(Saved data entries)
>>

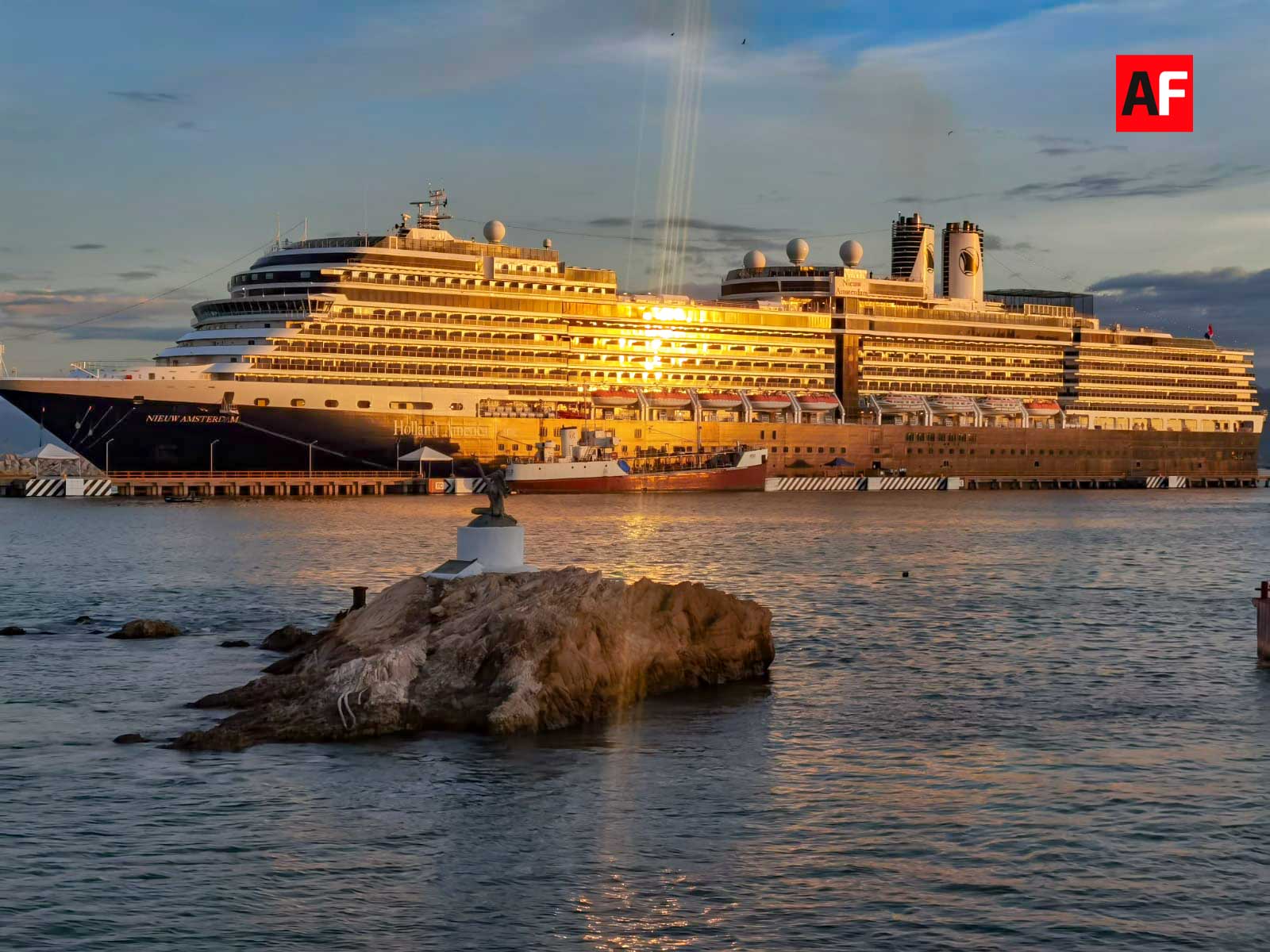 El Nieuw Amsterdam llegó a Manzanillo procedente de Seattle, Washington, Estados Unidos, y tras estar anclado 7 horas zarpará rumbo a Puerto Vallarta, Jalisco.
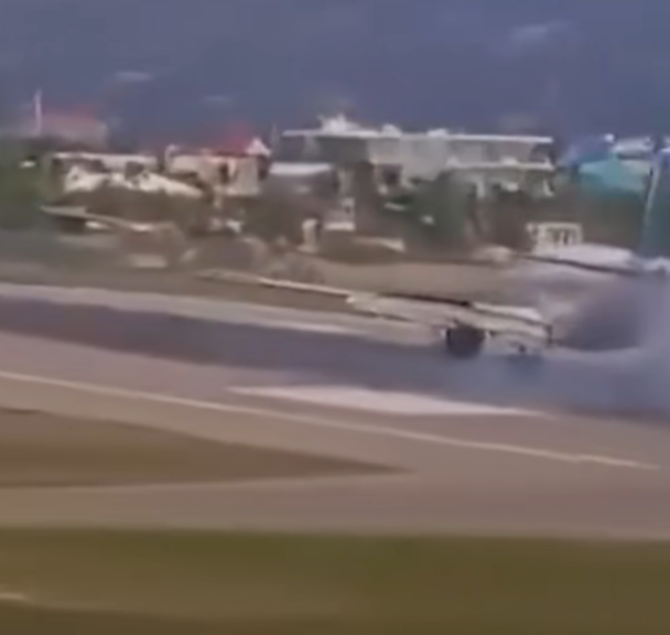 现场的画面显示,这架飞机降落在跑道的瞬间,疑似“弹跳”,紧接着滑出跑道!
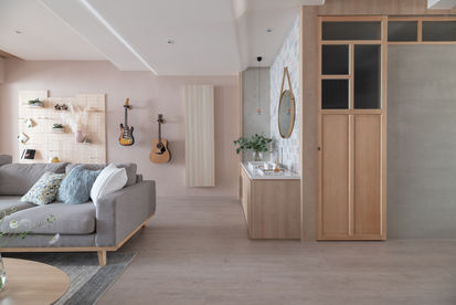 In this multi-layered space, the original enclosed layout is redesigned. The public area is transformed into the piano room, study room, living room, and dining room along the path of light. The interplay of light and shadow also contributes to creating a place for gathering and enjoying each other's company. The entire space features wood hues with a base of pink gradient. The neat and shallow lines offset a sense of separation brought by the long and narrow layout and create a sense of visual movement and flow.
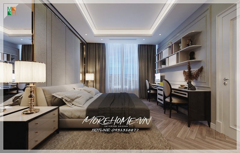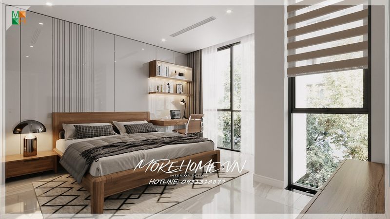 Phòng ngủ được thiết kế mẫu bàn bằng gỗ có diện tích dài vừa là nơi làm việc mà còn vừa là nơi ngồi đọc sách, thư giãn với sự kết hợp trên cũng đã tạo cho không gian phòng ngủ không bị trật trội và bí bách trong không gian.
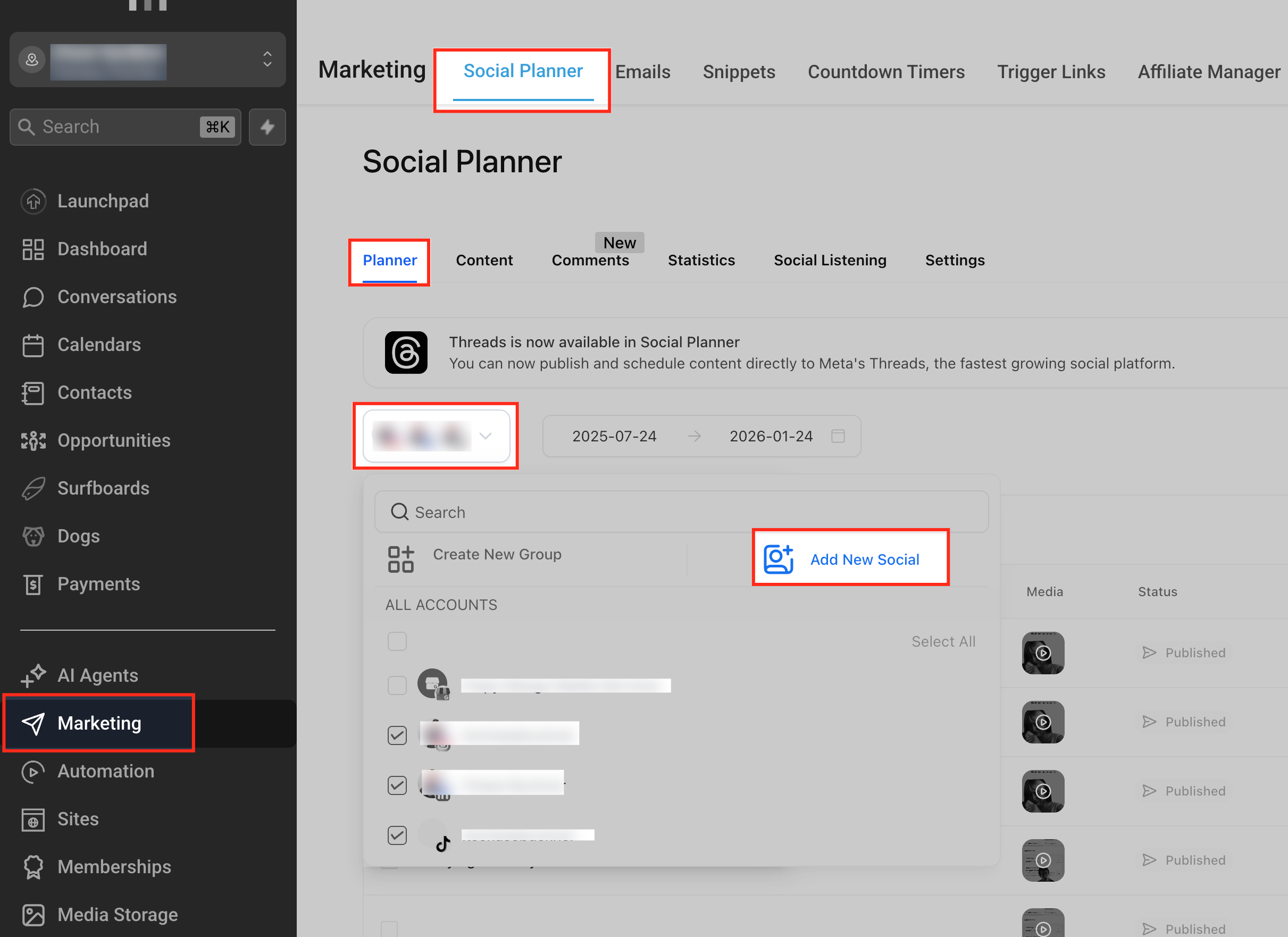 Navigate to Marketing in the left-hand menu, then select Social Planner and make sure the Planner tab is active at the top. From there, use the account dropdown to choose the correct sub-account and click Add New Social to begin connecting a Google Business Profile.
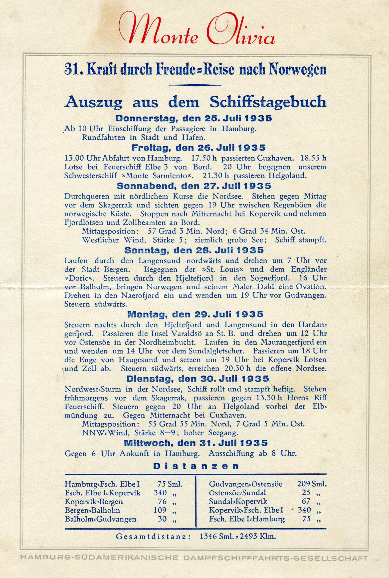 [Below: This is a menu from the 'Monte Olivia' ship on a KDF cruise on July 25-26, 1935.]
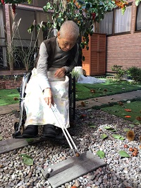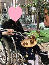 イガ付きの栗や栗の実を中庭に撒いて 入居者様に栗拾いを体験して頂きました!
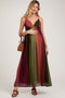 A color blocked linen maternity dress featuring a slight square neckline, adjustable straps and double lining.
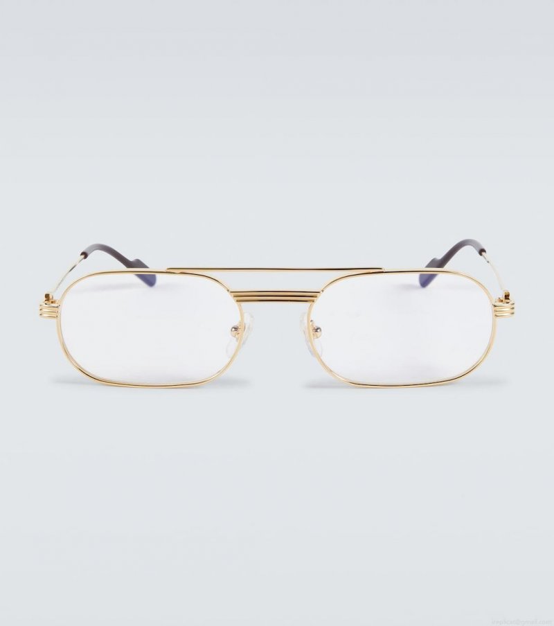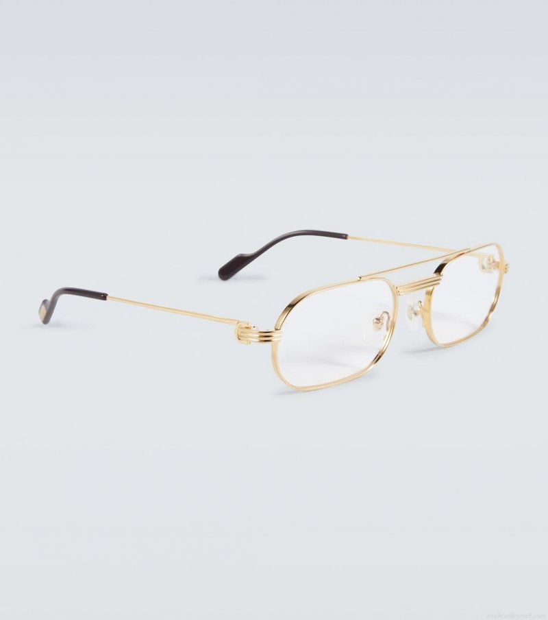 The Exception glasses from Cartier Eyewear Collection are made from metal with a gold-tone finish. The rectangular style features top bars that frame the face.
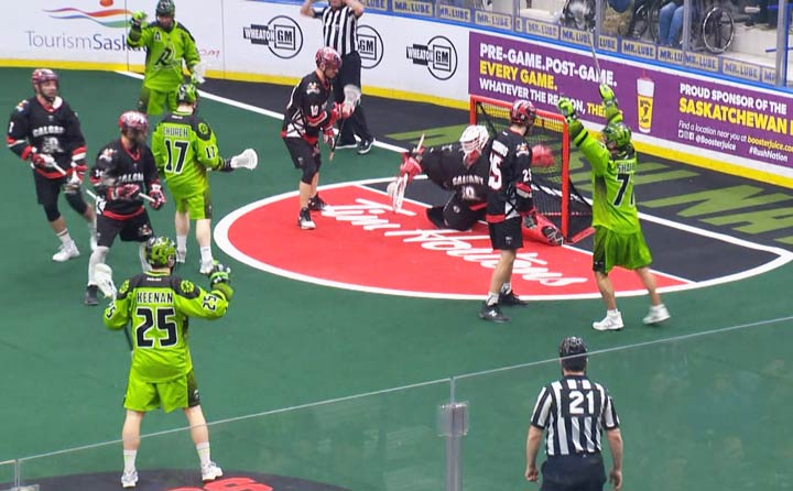 The Saskatchewan Rush downed the Calgary Roughnecks 10-6 in National Lacrosse League (NLL) action on Saturday at SaskTel Centre.
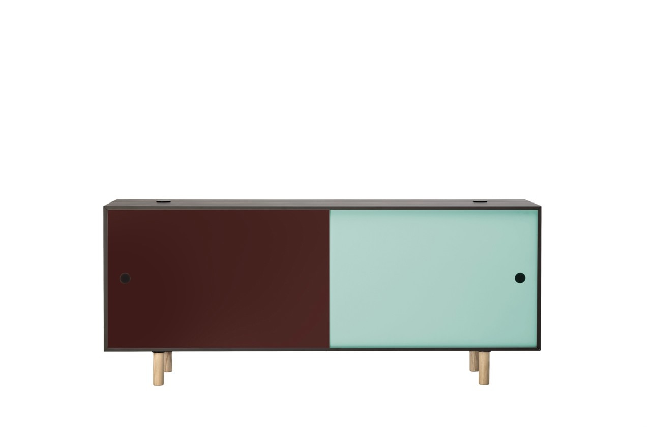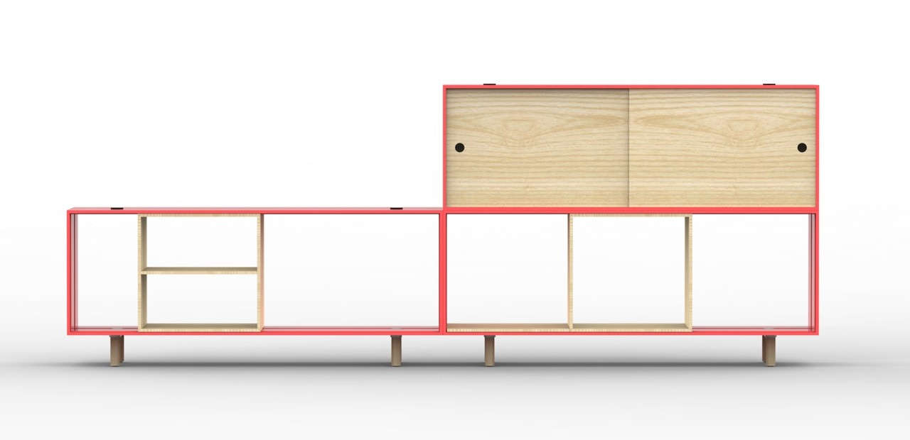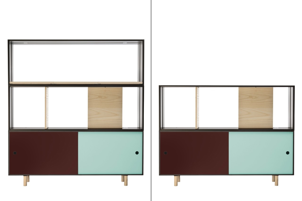 Constructed from a single aluminium extrusion, the basic unit works both as structure as well as the main storage element. A single line runs across the shelving system allowing for different accessories to be added, such as trays, boxes, dividers or book holders. The units can be left open or closed with sliding doors in multiple materials and finishes.

<<

Your answer should be every line above, written out exactly, with no pictures.

 El Nieuw Amsterdam llegó a Manzanillo procedente de Seattle, Washington, Estados Unidos, y tras estar anclado 7 horas zarpará rumbo a Puerto Vallarta, Jalisco.
 现场的画面显示,这架飞机降落在跑道的瞬间,疑似“弹跳”,紧接着滑出跑道!
 In this multi-layered space, the original enclosed layout is redesigned. The public area is transformed into the piano room, study room, living room, and dining room along the path of light. The interplay of light and shadow also contributes to creating a place for gathering and enjoying each other's company. The entire space features wood hues with a base of pink gradient. The neat and shallow lines offset a sense of separation brought by the long and narrow layout and create a sense of visual movement and flow.
 Phòng ngủ được thiết kế mẫu bàn bằng gỗ có diện tích dài vừa là nơi làm việc mà còn vừa là nơi ngồi đọc sách, thư giãn với sự kết hợp trên cũng đã tạo cho không gian phòng ngủ không bị trật trội và bí bách trong không gian.
 Navigate to Marketing in the left-hand menu, then select Social Planner and make sure the Planner tab is active at the top. From there, use the account dropdown to choose the correct sub-account and click Add New Social to begin connecting a Google Business Profile.
 [Below: This is a menu from the 'Monte Olivia' ship on a KDF cruise on July 25-26, 1935.]
 イガ付きの栗や栗の実を中庭に撒いて 入居者様に栗拾いを体験して頂きました!
 A color blocked linen maternity dress featuring a slight square neckline, adjustable straps and double lining.
 The Exception glasses from Cartier Eyewear Collection are made from metal with a gold-tone finish. The rectangular style features top bars that frame the face.
 The Saskatchewan Rush downed the Calgary Roughnecks 10-6 in National Lacrosse League (NLL) action on Saturday at SaskTel Centre.
 Constructed from a single aluminium extrusion, the basic unit works both as structure as well as the main storage element. A single line runs across the shelving system allowing for different accessories to be added, such as trays, boxes, dividers or book holders. The units can be left open or closed with sliding doors in multiple materials and finishes.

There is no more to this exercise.